[Start of Attachment]
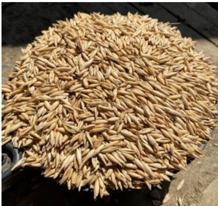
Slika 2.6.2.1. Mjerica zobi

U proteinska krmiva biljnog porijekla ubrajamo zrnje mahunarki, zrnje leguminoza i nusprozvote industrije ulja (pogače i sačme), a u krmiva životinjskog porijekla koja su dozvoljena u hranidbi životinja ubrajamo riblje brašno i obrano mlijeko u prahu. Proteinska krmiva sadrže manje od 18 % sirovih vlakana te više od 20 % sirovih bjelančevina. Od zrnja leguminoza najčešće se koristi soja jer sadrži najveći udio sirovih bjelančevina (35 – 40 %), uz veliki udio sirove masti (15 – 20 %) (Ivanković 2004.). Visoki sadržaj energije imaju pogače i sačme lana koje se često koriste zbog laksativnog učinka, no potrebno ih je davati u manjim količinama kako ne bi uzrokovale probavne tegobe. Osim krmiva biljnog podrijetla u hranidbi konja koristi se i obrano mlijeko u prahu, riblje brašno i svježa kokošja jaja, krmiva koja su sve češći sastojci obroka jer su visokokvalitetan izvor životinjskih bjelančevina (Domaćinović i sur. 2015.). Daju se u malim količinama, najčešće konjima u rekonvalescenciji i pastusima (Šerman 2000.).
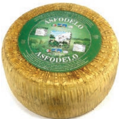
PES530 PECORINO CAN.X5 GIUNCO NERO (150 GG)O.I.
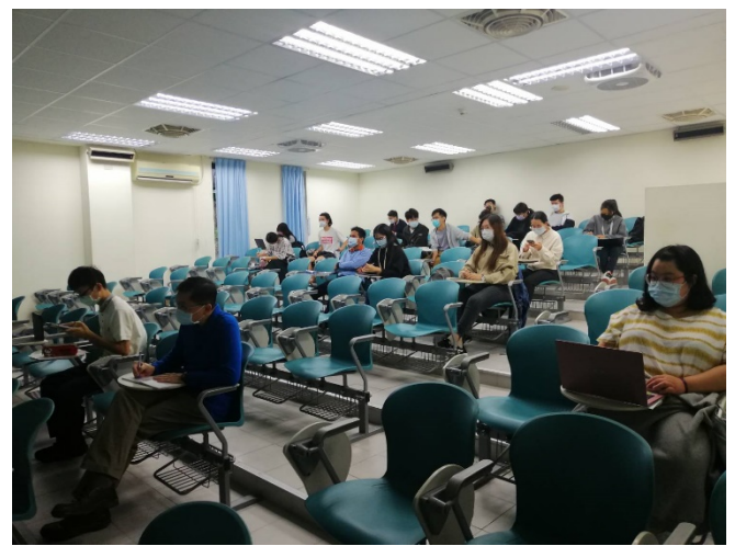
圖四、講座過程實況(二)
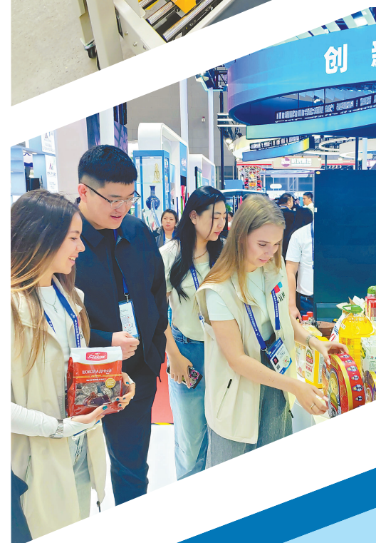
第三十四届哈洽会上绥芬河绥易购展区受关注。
[End of Attachment]
[Start of Attachment]
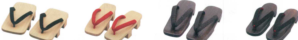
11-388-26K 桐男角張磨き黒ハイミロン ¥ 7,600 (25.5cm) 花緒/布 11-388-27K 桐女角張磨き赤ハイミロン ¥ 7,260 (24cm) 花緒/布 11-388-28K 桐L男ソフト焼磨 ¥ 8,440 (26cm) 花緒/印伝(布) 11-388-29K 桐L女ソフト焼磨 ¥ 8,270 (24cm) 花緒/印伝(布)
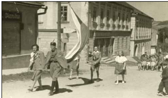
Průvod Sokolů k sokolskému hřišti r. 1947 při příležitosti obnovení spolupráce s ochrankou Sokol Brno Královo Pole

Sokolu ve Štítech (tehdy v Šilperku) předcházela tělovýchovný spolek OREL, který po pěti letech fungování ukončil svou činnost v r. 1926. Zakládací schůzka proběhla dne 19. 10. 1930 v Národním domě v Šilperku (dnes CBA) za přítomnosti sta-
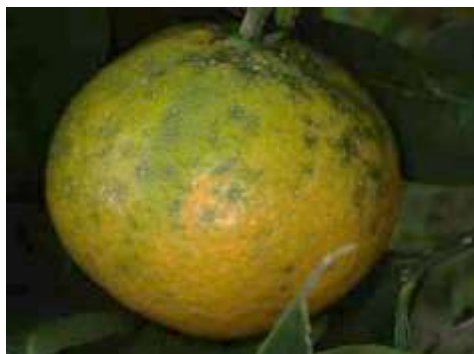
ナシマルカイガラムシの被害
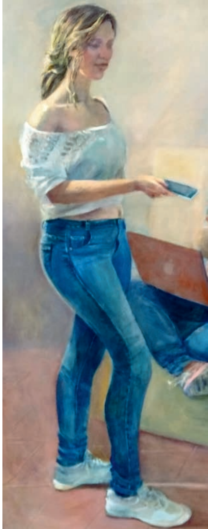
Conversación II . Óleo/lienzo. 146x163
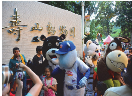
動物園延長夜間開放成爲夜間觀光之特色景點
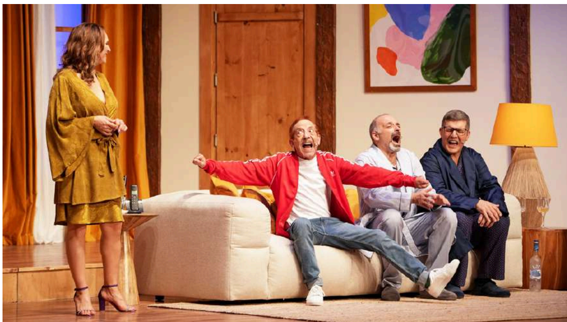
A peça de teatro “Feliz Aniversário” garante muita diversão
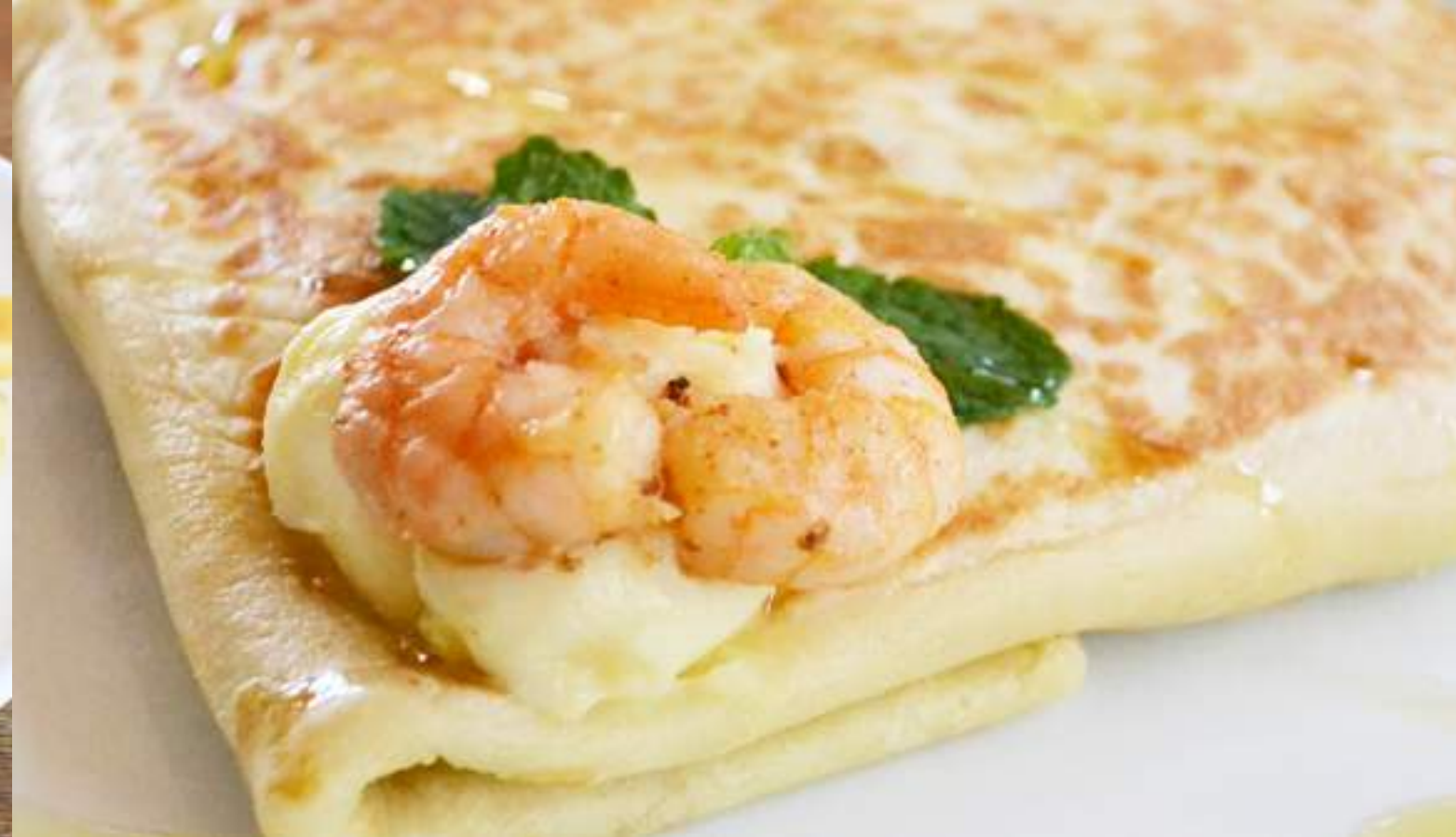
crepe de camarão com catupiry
[End of Attachment]
[Start of Attachment]
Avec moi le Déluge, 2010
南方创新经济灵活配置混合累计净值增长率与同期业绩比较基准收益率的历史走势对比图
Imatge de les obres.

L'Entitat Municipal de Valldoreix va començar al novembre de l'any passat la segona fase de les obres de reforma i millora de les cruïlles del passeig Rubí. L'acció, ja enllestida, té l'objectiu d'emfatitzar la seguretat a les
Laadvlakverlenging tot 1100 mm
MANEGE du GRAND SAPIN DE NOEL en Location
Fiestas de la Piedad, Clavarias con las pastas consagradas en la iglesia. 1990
[End of Attachment]
• [YOUR OBJECTIVE]: Output, from the data above, the lines from the line with "MANEGE du GRAND SAPIN DE NOEL en Location" to the line with "Fiestas de la" exactly as they stand, both ends included and nothing else.

• [RESULT OF THIS EXERCISE]:
MANEGE du GRAND SAPIN DE NOEL en Location
Fiestas de la Piedad, Clavarias con las pastas consagradas en la iglesia. 1990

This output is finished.